**PROVIDED DATA**
"""
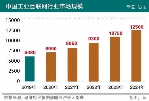 据统计,2018年,我国工业互联网行业市场规模达到5313.04亿元,较上年同比增长13.71%。前瞻产业研究院预测2019年全年市场规模可达6,080亿元,并预计到2023年,我国工业互联网行业市场规模将会突破万亿,2024年将会达到12500亿的水平,并表示我国工业互联网产业前景十分乐观。
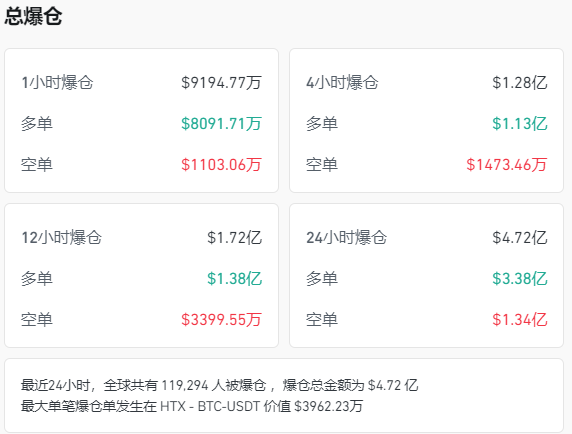 Coinglass数据显示,过去24小时内,有近12万人爆仓。
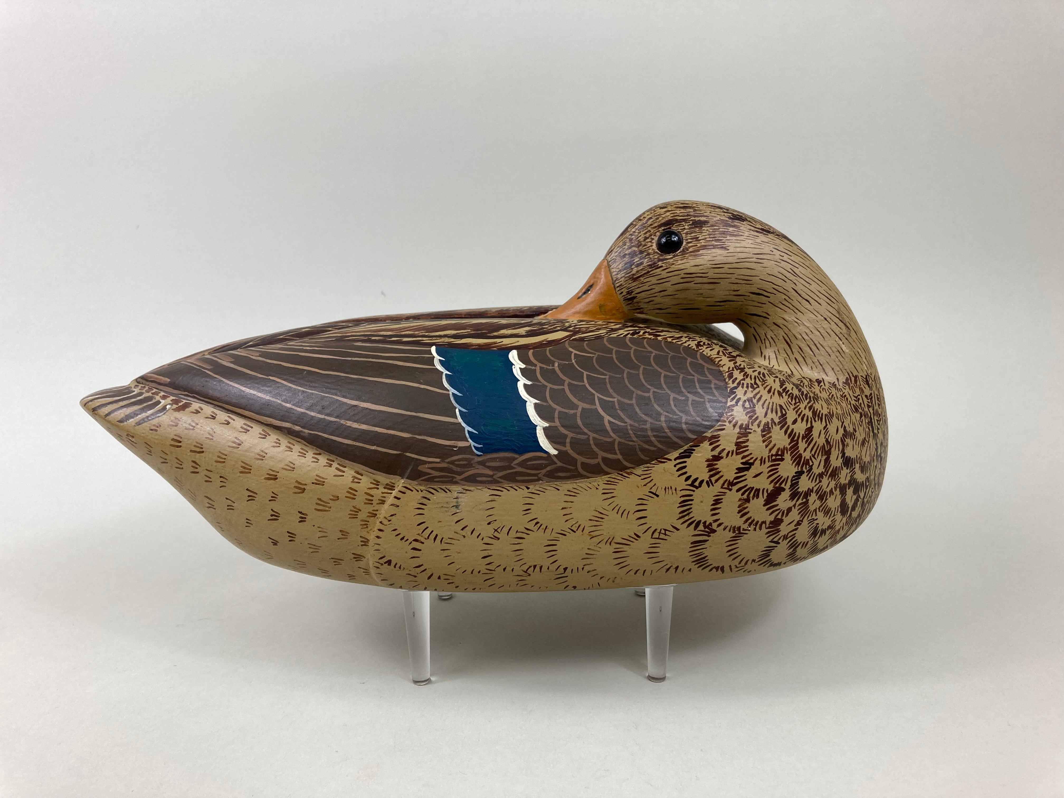 Wendell Sherman Preening Mallard Hen, Streator, Illinois. Glass eyes, hollow body, painted by R.L. Richardson in 1966, information written on bottom, slightly carved wings, very good condition. Decoy measures 13"...
"""
**TASK DETAILS**
For this exercise, reproduce the data above exactly from the line containing "Coinglass数据显示,过去24小时内,有近12万人爆仓。" through its final line, both ends included, with no pictures in the copy.

**SOLUTION FOR THIS TASK**
 Coinglass数据显示,过去24小时内,有近12万人爆仓。
 Wendell Sherman Preening Mallard Hen, Streator, Illinois. Glass eyes, hollow body, painted by R.L. Richardson in 1966, information written on bottom, slightly carved wings, very good condition. Decoy measures 13"...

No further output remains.